Article Preview
TopThe majority of research works having addressed the document warehousing issues have tackled the modeling and OLAPing of documents. We classify the contributions of the literature into two main categories: i) Works using/extending the Multidimensional Model (MD), and ii) Works suggesting specific model.

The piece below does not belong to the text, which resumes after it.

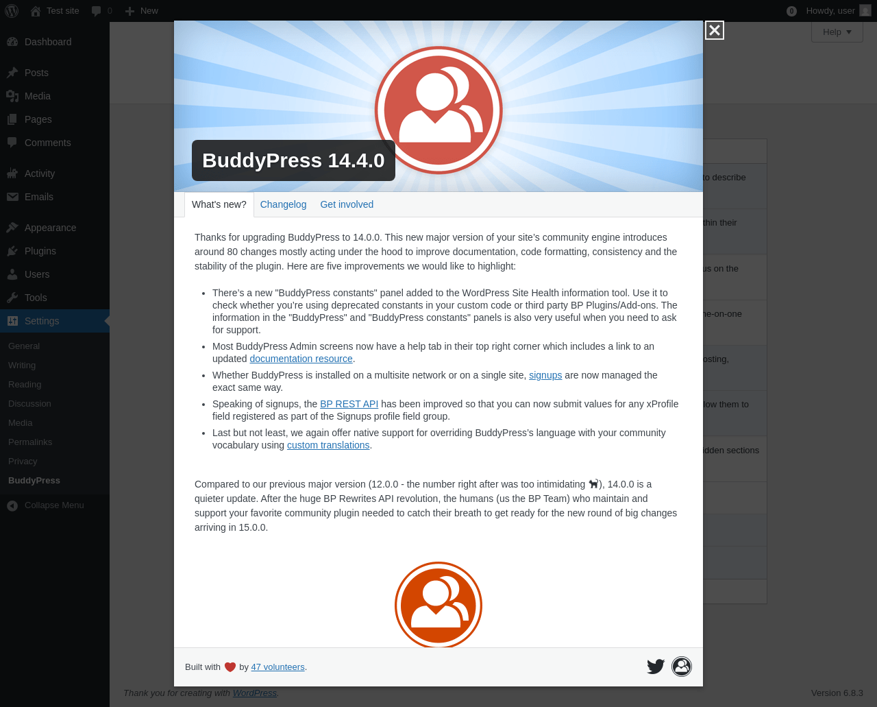 Does BuddyPress work with WordPress 6.8.3 and PHP 8.1.12? A smoke test was performed on .

The first category of works has adapted the conventional MD model initially suggested for numeric DWs; as examples we can cite the works of (Golfarelli, Maio, & Rizzi, 1998), (Kimball & Ross, 2003), (Inmon, 2005), and (Azabou, Khrouf, Feki, Soulé-Dupuy, & Vallès, 2017). Furthermore, in this category some authors have created data warehousing model, especially XML model, by processing XML raw documents into a specified data warehouse repository; such as (Rusu, Rahayu, & Taniar, 2004), (Rusu, Rahayu, & Taniar, 2005). Some other authors have enriched the conventional MD model with extensions specific to textual modeling and processing (Jin, Han, Cao, Luo, Ding, & Lin, 2010) and (Liu, Zhou, Pan, Qian, Cai, & Lian, 2009) for data-centric documents, whereas others like (Lin, Ding, Han, Zhu, & Zhao, 2008) extend the MD model for elaborating document-centric documents warehouses.